The quality control manager at a light bulb factory needs to estimate the mean life of a large shipment of light bulbs. The manufacturer's specifications are that the standard deviations is 100 hours. A random sample of 64 light bulbs indicated a sample mean life of 350 hours.

With you limited data, the best estimate is 350 hours.

If you want a probability statement,

P = mean ± Z (SEm)

SEm = SD/√n

Find table in the back of your statistics text labeled something like "areas under normal distribution" to find the proportion/probability
(P) and its Z score.

To estimate the mean life of the entire shipment of light bulbs, the quality control manager can use the sample mean as an estimate of the population mean. This estimate is considered a point estimate.

In this case, the sample mean life of the 64 light bulbs is 350 hours. However, to determine the precision of this estimate, we can calculate the margin of error, which helps determine the range within which the true population mean is likely to fall.

To calculate the margin of error, we need to use the formula:

Margin of Error = Critical Value * Standard Error

In this case, the critical value is based on the desired confidence level. Let's assume a 95% confidence level, which is a commonly used confidence level in statistics. To find the critical value, we can use a standard normal distribution table, or use a calculator or software.
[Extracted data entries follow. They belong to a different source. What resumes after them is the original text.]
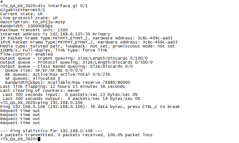 2、进一步检查物理链路是否正常,本端和对端端口的速率、双工模式是否一致。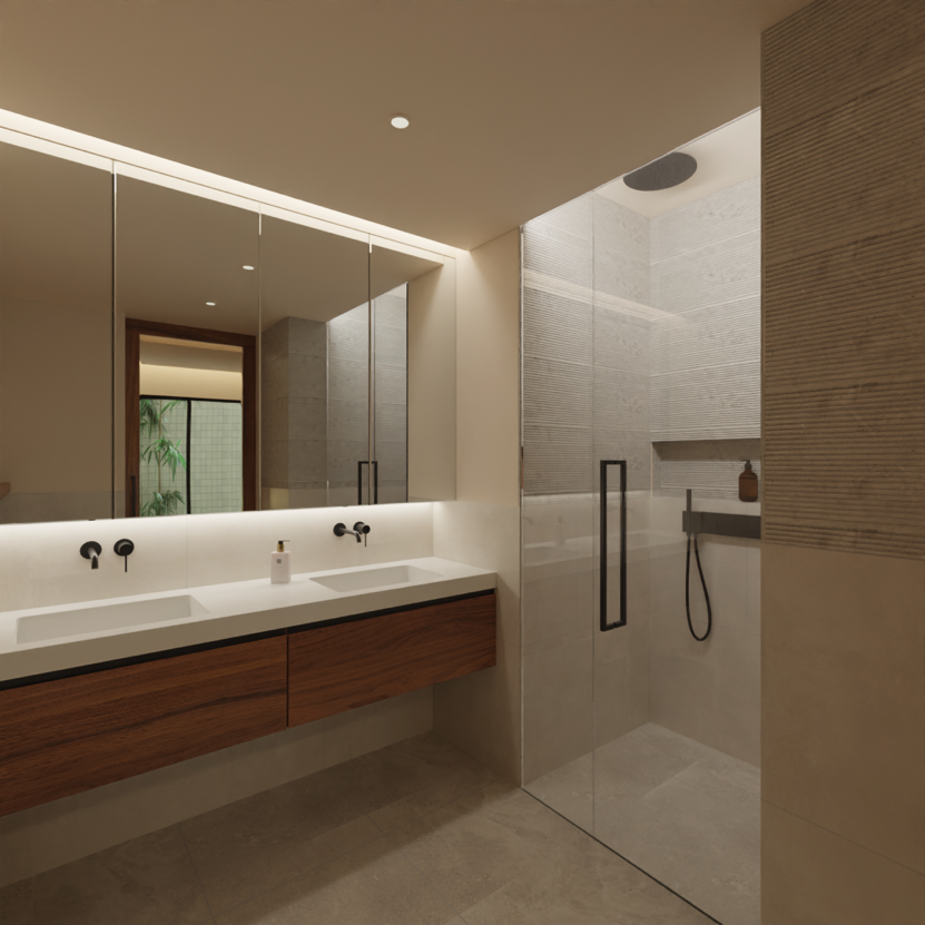 Casas de Banho com mobiliário com acabamento em madeira. Bancadas e lavatórios em solid surface, em tonalidades bege ou cinza. Torneiras em tons titânio ou latão escovado. Revestimento de paredes em cerâmicos de grandes dimensões e pintura para ambientes húmidos. Pavimento em cerâmico com peças de grandes dimensões em tonalidades bege ou cinza. Loiças sanitárias bege, caleira de duche de pavimento e cabine em vidro.
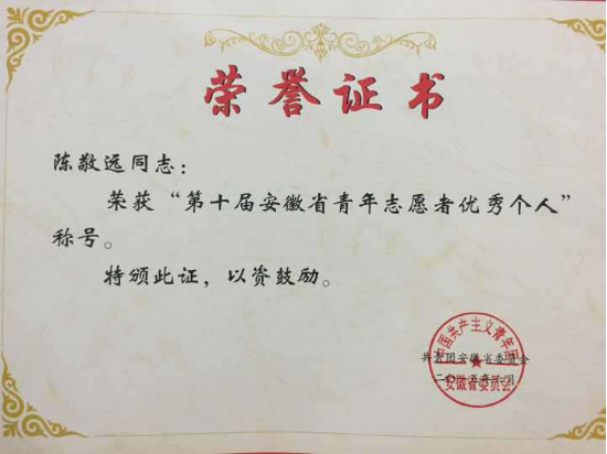 本网讯(通讯员:杨雨婷)近日,共青团安徽省委下发表彰文件,伟德官网青年志愿者联合会(以下简称“青志联”)第十二届会长陈敬远同学荣获“第十届安徽省青年志愿者优秀个人”称号。同时,在共青团中央、民政部、中国残疾人联合会、中国志愿者服务联合会联合启动的第二届中国青年志愿服务项目大赛中,伟德官网青志联“阳光小学”义务支教荣获大赛二等奖,情暖黄昏志愿服务项目荣获三等奖。

The standard error represents the standard deviation of the sample mean and can be calculated using the formula:

Standard Error = Standard Deviation / sqrt(sample size)

In this case, the standard deviation is 100 hours, and the sample size is 64.

Let's calculate the margin of error:

Standard Error = 100 / sqrt(64) = 100 / 8 = 12.5

To find the critical value for a 95% confidence level, we consult a standard normal distribution table or use a calculator, which gives us a value of approximately 1.96.

Margin of Error = 1.96 * 12.5 = 24.5

So, the margin of error is 24.5 hours. This means that we can be 95% confident that the true population mean of the light bulb life falls within a range of 350 ± 24.5 hours, or between 325.5 and 374.5 hours.

Therefore, the quality control manager can estimate that the mean life of the entire shipment of light bulbs is likely to be within this range based on the information from the sample.